[Supplied material — start]

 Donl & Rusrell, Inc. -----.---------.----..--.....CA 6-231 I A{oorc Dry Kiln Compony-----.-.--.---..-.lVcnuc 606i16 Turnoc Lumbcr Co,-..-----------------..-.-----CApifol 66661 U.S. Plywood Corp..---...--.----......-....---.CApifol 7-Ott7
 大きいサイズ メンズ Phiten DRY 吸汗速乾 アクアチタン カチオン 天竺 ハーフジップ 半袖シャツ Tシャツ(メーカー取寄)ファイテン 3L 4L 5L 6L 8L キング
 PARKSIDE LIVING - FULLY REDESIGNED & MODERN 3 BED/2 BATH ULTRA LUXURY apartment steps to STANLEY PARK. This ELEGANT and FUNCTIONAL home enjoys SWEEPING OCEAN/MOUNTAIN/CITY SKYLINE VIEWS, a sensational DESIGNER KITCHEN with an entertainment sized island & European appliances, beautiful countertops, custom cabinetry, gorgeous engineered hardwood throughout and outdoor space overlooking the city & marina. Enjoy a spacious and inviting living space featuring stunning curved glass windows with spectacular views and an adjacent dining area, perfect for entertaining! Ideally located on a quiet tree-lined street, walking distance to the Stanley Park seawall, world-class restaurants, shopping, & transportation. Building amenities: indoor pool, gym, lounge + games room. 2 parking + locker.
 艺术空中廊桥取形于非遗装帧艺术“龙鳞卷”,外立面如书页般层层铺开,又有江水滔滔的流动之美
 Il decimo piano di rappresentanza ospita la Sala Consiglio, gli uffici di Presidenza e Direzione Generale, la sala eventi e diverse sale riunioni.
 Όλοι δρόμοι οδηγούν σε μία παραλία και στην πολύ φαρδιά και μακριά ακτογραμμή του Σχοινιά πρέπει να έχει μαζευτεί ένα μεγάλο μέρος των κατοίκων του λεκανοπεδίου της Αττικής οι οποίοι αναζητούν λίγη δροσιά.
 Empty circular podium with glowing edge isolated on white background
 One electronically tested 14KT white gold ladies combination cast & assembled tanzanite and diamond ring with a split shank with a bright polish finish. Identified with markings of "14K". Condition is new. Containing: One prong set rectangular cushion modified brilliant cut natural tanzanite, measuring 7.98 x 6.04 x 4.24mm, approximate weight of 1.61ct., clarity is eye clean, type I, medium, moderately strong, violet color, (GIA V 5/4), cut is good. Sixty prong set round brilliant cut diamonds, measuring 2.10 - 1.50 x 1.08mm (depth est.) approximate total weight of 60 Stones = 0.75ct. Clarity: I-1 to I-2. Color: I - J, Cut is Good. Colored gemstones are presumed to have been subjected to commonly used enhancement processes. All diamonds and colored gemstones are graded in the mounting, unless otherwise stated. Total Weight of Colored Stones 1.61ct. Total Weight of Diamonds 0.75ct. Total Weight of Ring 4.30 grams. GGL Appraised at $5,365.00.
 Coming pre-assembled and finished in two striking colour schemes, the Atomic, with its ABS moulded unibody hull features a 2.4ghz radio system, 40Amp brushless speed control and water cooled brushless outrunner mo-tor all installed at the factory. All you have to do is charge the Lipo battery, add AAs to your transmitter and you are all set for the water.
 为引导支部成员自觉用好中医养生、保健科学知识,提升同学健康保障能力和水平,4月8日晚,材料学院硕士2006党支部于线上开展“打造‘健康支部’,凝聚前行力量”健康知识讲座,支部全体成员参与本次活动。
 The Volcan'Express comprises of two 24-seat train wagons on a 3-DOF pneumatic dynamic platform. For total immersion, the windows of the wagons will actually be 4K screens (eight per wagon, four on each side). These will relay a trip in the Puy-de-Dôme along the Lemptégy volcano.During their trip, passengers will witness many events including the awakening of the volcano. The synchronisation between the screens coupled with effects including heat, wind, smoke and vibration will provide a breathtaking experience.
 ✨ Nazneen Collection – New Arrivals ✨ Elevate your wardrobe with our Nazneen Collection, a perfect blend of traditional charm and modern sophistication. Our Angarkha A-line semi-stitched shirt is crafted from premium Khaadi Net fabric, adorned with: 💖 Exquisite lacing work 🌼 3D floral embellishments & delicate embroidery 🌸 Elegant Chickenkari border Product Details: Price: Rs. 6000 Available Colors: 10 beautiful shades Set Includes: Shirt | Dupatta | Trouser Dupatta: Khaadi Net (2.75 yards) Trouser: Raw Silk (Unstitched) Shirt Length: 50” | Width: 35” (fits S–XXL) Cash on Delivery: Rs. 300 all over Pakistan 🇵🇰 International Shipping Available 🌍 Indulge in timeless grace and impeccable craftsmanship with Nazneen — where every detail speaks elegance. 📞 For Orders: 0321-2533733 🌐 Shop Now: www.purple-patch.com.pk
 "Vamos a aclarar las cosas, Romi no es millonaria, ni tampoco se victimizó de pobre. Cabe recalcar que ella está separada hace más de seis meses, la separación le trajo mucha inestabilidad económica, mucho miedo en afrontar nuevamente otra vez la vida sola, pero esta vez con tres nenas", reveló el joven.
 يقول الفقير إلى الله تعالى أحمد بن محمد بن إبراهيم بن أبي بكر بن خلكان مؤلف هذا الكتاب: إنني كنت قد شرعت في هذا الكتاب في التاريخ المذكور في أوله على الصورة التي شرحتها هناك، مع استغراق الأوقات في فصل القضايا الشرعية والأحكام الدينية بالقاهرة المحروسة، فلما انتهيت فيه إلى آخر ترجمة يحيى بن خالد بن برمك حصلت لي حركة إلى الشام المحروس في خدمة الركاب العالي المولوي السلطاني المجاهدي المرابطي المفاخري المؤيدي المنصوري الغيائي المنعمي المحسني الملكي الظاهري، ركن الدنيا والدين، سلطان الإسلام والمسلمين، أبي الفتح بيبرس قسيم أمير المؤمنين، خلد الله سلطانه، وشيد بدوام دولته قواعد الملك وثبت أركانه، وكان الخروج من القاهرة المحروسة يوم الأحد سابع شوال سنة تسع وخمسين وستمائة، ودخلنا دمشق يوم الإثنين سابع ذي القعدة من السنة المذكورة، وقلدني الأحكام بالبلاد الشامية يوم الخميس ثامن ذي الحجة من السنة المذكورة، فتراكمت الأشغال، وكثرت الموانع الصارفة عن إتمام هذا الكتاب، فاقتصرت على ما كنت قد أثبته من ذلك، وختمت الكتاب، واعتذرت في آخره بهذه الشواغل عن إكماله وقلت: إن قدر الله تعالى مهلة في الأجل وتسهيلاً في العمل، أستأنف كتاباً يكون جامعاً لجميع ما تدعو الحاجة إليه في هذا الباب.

[Supplied material — finish]

● Exercise: Repeat the full set of records above character for character.

● Solution to this problem:
 Donl & Rusrell, Inc. -----.---------.----..--.....CA 6-231 I A{oorc Dry Kiln Compony-----.-.--.---..-.lVcnuc 606i16 Turnoc Lumbcr Co,-..-----------------..-.-----CApifol 66661 U.S. Plywood Corp..---...--.----......-....---.CApifol 7-Ott7
 大きいサイズ メンズ Phiten DRY 吸汗速乾 アクアチタン カチオン 天竺 ハーフジップ 半袖シャツ Tシャツ(メーカー取寄)ファイテン 3L 4L 5L 6L 8L キング
 PARKSIDE LIVING - FULLY REDESIGNED & MODERN 3 BED/2 BATH ULTRA LUXURY apartment steps to STANLEY PARK. This ELEGANT and FUNCTIONAL home enjoys SWEEPING OCEAN/MOUNTAIN/CITY SKYLINE VIEWS, a sensational DESIGNER KITCHEN with an entertainment sized island & European appliances, beautiful countertops, custom cabinetry, gorgeous engineered hardwood throughout and outdoor space overlooking the city & marina. Enjoy a spacious and inviting living space featuring stunning curved glass windows with spectacular views and an adjacent dining area, perfect for entertaining! Ideally located on a quiet tree-lined street, walking distance to the Stanley Park seawall, world-class restaurants, shopping, & transportation. Building amenities: indoor pool, gym, lounge + games room. 2 parking + locker.
 艺术空中廊桥取形于非遗装帧艺术“龙鳞卷”,外立面如书页般层层铺开,又有江水滔滔的流动之美
 Il decimo piano di rappresentanza ospita la Sala Consiglio, gli uffici di Presidenza e Direzione Generale, la sala eventi e diverse sale riunioni.
 Όλοι δρόμοι οδηγούν σε μία παραλία και στην πολύ φαρδιά και μακριά ακτογραμμή του Σχοινιά πρέπει να έχει μαζευτεί ένα μεγάλο μέρος των κατοίκων του λεκανοπεδίου της Αττικής οι οποίοι αναζητούν λίγη δροσιά.
 Empty circular podium with glowing edge isolated on white background
 One electronically tested 14KT white gold ladies combination cast & assembled tanzanite and diamond ring with a split shank with a bright polish finish. Identified with markings of "14K". Condition is new. Containing: One prong set rectangular cushion modified brilliant cut natural tanzanite, measuring 7.98 x 6.04 x 4.24mm, approximate weight of 1.61ct., clarity is eye clean, type I, medium, moderately strong, violet color, (GIA V 5/4), cut is good. Sixty prong set round brilliant cut diamonds, measuring 2.10 - 1.50 x 1.08mm (depth est.) approximate total weight of 60 Stones = 0.75ct. Clarity: I-1 to I-2. Color: I - J, Cut is Good. Colored gemstones are presumed to have been subjected to commonly used enhancement processes. All diamonds and colored gemstones are graded in the mounting, unless otherwise stated. Total Weight of Colored Stones 1.61ct. Total Weight of Diamonds 0.75ct. Total Weight of Ring 4.30 grams. GGL Appraised at $5,365.00.
 Coming pre-assembled and finished in two striking colour schemes, the Atomic, with its ABS moulded unibody hull features a 2.4ghz radio system, 40Amp brushless speed control and water cooled brushless outrunner mo-tor all installed at the factory. All you have to do is charge the Lipo battery, add AAs to your transmitter and you are all set for the water.
 为引导支部成员自觉用好中医养生、保健科学知识,提升同学健康保障能力和水平,4月8日晚,材料学院硕士2006党支部于线上开展“打造‘健康支部’,凝聚前行力量”健康知识讲座,支部全体成员参与本次活动。
 The Volcan'Express comprises of two 24-seat train wagons on a 3-DOF pneumatic dynamic platform. For total immersion, the windows of the wagons will actually be 4K screens (eight per wagon, four on each side). These will relay a trip in the Puy-de-Dôme along the Lemptégy volcano.During their trip, passengers will witness many events including the awakening of the volcano. The synchronisation between the screens coupled with effects including heat, wind, smoke and vibration will provide a breathtaking experience.
 ✨ Nazneen Collection – New Arrivals ✨ Elevate your wardrobe with our Nazneen Collection, a perfect blend of traditional charm and modern sophistication. Our Angarkha A-line semi-stitched shirt is crafted from premium Khaadi Net fabric, adorned with: 💖 Exquisite lacing work 🌼 3D floral embellishments & delicate embroidery 🌸 Elegant Chickenkari border Product Details: Price: Rs. 6000 Available Colors: 10 beautiful shades Set Includes: Shirt | Dupatta | Trouser Dupatta: Khaadi Net (2.75 yards) Trouser: Raw Silk (Unstitched) Shirt Length: 50” | Width: 35” (fits S–XXL) Cash on Delivery: Rs. 300 all over Pakistan 🇵🇰 International Shipping Available 🌍 Indulge in timeless grace and impeccable craftsmanship with Nazneen — where every detail speaks elegance. 📞 For Orders: 0321-2533733 🌐 Shop Now: www.purple-patch.com.pk
 "Vamos a aclarar las cosas, Romi no es millonaria, ni tampoco se victimizó de pobre. Cabe recalcar que ella está separada hace más de seis meses, la separación le trajo mucha inestabilidad económica, mucho miedo en afrontar nuevamente otra vez la vida sola, pero esta vez con tres nenas", reveló el joven.
 يقول الفقير إلى الله تعالى أحمد بن محمد بن إبراهيم بن أبي بكر بن خلكان مؤلف هذا الكتاب: إنني كنت قد شرعت في هذا الكتاب في التاريخ المذكور في أوله على الصورة التي شرحتها هناك، مع استغراق الأوقات في فصل القضايا الشرعية والأحكام الدينية بالقاهرة المحروسة، فلما انتهيت فيه إلى آخر ترجمة يحيى بن خالد بن برمك حصلت لي حركة إلى الشام المحروس في خدمة الركاب العالي المولوي السلطاني المجاهدي المرابطي المفاخري المؤيدي المنصوري الغيائي المنعمي المحسني الملكي الظاهري، ركن الدنيا والدين، سلطان الإسلام والمسلمين، أبي الفتح بيبرس قسيم أمير المؤمنين، خلد الله سلطانه، وشيد بدوام دولته قواعد الملك وثبت أركانه، وكان الخروج من القاهرة المحروسة يوم الأحد سابع شوال سنة تسع وخمسين وستمائة، ودخلنا دمشق يوم الإثنين سابع ذي القعدة من السنة المذكورة، وقلدني الأحكام بالبلاد الشامية يوم الخميس ثامن ذي الحجة من السنة المذكورة، فتراكمت الأشغال، وكثرت الموانع الصارفة عن إتمام هذا الكتاب، فاقتصرت على ما كنت قد أثبته من ذلك، وختمت الكتاب، واعتذرت في آخره بهذه الشواغل عن إكماله وقلت: إن قدر الله تعالى مهلة في الأجل وتسهيلاً في العمل، أستأنف كتاباً يكون جامعاً لجميع ما تدعو الحاجة إليه في هذا الباب.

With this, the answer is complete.